Dataset records:
★ ★ ★ ★ ★ ★ ★
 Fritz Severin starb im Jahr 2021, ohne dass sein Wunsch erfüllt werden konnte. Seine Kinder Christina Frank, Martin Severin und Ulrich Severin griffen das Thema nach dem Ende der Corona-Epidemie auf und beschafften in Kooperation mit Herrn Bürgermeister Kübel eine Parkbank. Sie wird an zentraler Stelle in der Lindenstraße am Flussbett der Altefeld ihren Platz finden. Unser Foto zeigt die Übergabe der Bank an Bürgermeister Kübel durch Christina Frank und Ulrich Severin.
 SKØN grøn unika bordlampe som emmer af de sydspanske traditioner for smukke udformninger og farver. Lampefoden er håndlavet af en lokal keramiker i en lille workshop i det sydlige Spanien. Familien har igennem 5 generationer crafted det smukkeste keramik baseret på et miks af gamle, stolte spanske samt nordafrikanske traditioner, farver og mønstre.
★ ★ ★ ★ ★ ★ ★
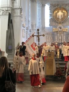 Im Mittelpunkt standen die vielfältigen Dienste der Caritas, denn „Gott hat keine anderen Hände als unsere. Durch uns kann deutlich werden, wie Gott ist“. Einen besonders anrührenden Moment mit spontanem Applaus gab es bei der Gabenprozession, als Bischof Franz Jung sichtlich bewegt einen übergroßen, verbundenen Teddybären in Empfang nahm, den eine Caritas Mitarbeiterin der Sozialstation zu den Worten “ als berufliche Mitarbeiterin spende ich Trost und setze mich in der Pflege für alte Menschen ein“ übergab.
★ ★ ★ ★ ★ ★ ★
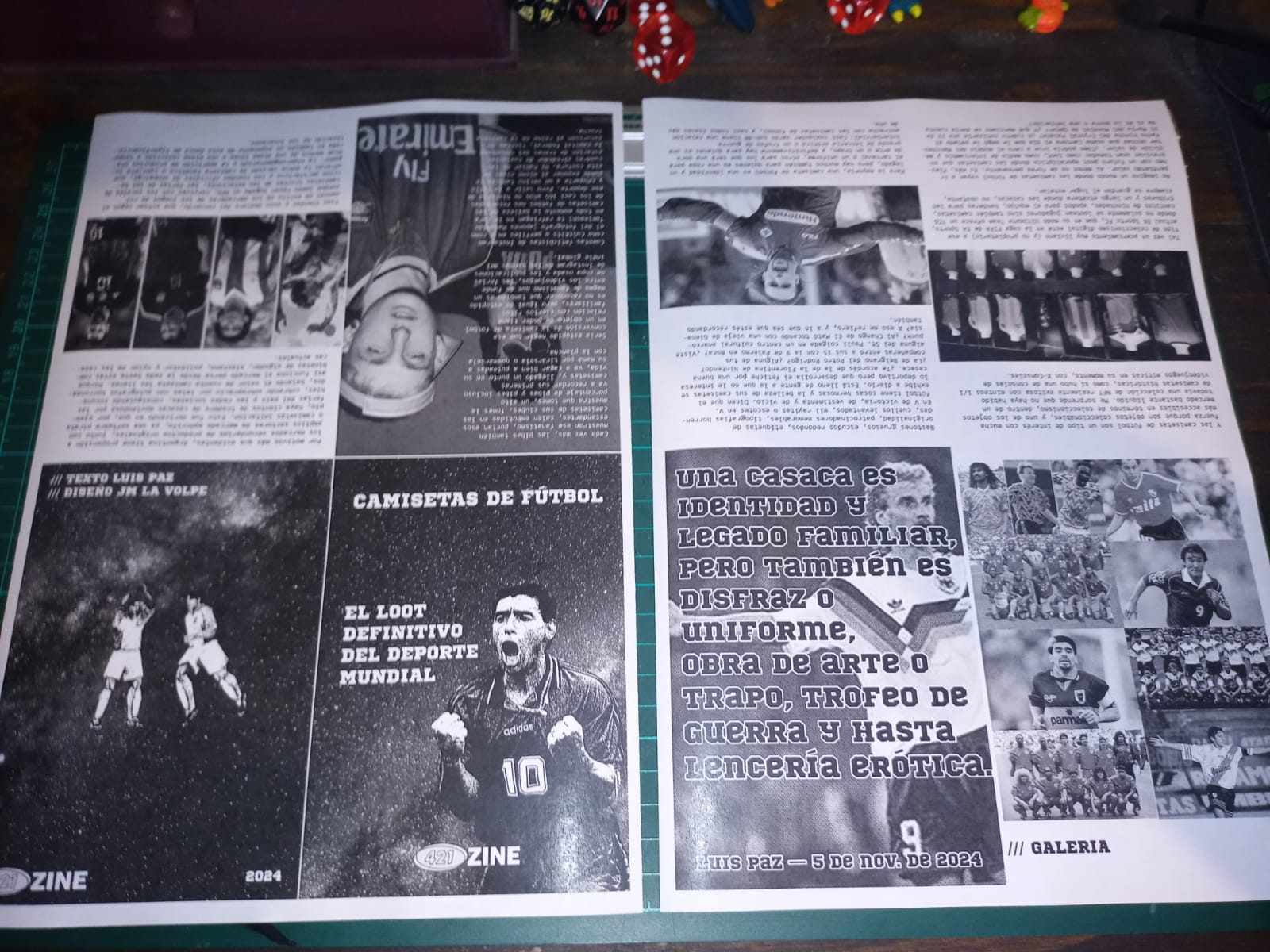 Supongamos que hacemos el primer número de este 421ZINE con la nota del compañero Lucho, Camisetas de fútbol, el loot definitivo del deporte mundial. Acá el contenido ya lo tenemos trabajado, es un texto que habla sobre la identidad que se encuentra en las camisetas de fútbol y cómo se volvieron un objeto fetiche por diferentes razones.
★ ★ ★ ★ ★ ★ ★
Task: Write down, word for word, the lines above from the one containing "Fritz Severin starb" through the one containing "SKØN grøn unika", both ends included.

Finished task:
 Fritz Severin starb im Jahr 2021, ohne dass sein Wunsch erfüllt werden konnte. Seine Kinder Christina Frank, Martin Severin und Ulrich Severin griffen das Thema nach dem Ende der Corona-Epidemie auf und beschafften in Kooperation mit Herrn Bürgermeister Kübel eine Parkbank. Sie wird an zentraler Stelle in der Lindenstraße am Flussbett der Altefeld ihren Platz finden. Unser Foto zeigt die Übergabe der Bank an Bürgermeister Kübel durch Christina Frank und Ulrich Severin.
 SKØN grøn unika bordlampe som emmer af de sydspanske traditioner for smukke udformninger og farver. Lampefoden er håndlavet af en lokal keramiker i en lille workshop i det sydlige Spanien. Familien har igennem 5 generationer crafted det smukkeste keramik baseret på et miks af gamle, stolte spanske samt nordafrikanske traditioner, farver og mønstre.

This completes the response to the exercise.